Three Things You Ought to Know About Setting Boundaries

By Sherianna Boyle

Emotional Detox Coaching®

Setting a boundary can be difficult especially if it is with someone you see often. While some people may have no problem setting boundaries, saying no when they need to others really struggle with the idea. This may be for a variety of reasons. Some may avoid setting limits because somewhere in the past it caused too much of a rift in their life. While others have developed an internal story that setting limits makes you a mean person, difficult or selfish. Applying the three steps outlined below can help.

Yet before diving in, I highly recommend you first take yourself through a Cleanse. Cleanse is an acroymn for the seven steps of an Emotional Detox, featured in my new book Emotional Detox Now: 135 Self-Guided Practices to Renew Your Mind, Heart & Spirit. Inside you will find one practice specifically around boundaries. You see without Cleansing you are more likely to come from a place of reactivity.

What emotional cleansing does is dissolves tension caused by the stress of not having boundaries in place. Moving through a Cleanse before you implement boundaries can increase your ability to communicate with calm and ease. Without taking time to resolve unprocessed emotions, reactivity, old hurts, and wounds can seep in tainting the tone, and quality of your words and actions.
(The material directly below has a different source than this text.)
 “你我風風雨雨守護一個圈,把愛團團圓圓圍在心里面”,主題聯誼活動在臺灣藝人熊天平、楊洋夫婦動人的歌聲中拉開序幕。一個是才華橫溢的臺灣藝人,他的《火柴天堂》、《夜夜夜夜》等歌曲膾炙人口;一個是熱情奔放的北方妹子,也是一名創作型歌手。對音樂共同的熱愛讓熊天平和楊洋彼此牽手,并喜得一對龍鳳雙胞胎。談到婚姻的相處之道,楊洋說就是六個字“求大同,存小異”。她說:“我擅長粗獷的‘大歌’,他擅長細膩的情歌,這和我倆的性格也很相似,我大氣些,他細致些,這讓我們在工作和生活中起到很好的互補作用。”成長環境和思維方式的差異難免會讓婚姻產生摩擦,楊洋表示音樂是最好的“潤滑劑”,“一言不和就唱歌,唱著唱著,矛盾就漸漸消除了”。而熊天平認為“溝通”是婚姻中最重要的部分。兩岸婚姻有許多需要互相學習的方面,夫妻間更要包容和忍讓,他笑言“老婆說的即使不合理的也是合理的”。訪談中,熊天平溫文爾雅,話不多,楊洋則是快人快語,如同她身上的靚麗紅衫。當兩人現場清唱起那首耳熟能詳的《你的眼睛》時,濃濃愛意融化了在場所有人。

Once you have Cleansed then apply these three steps:

Step 1: Set Your Intention

Intentions are not about the other person or even the situation, they are about you. Intentions help you get clear on what you are aiming for. If you are unsure, try asking yourself a few questions such as the ones outlined below:

  • What is the purpose of setting this intention?
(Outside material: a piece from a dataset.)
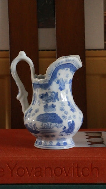 Vintage Blue and White Floral Transferware Jug with Floral & Bird Motif

  • What are you looking to increase in your life? 

  • How might setting this intention serve you and others well? 

  • Will your intention bring balance into your life?

Once you reflect on those questions you can begin to develop your intention. Here are a couple of examples.

My intention is to get to bed a by 9:30 p.m. each night. By setting a boundary of no texting or phone calls after 8 p.m. I will be able to achieve this goal.

My intention is to take time to exercise each day and by setting a boundary of when I will start (or end) work I will be able to achieve this goal.

Step 2: Be Clear & Specific

As you can see in the above examples it is very important that you are clear and specific with your boundary setting. When it comes to communicating those intentions, you are going to want to keep what you say and the way you say it short and sweet. The moment you start rattling on, explaining yourself, you risk crossing the line, from communicating to reacting. Reactivity will always create separation and shame. This is because it puts an undertone of it is because of you I feel and act this way. Instead, be clear and specific, something as simple as:

I can meet with you at noon today, but I have a hard stop at 1 p.m. may be sufficient.

Or

This works for me (e.g., hosting Holiday) this does not (traveling on Holiday).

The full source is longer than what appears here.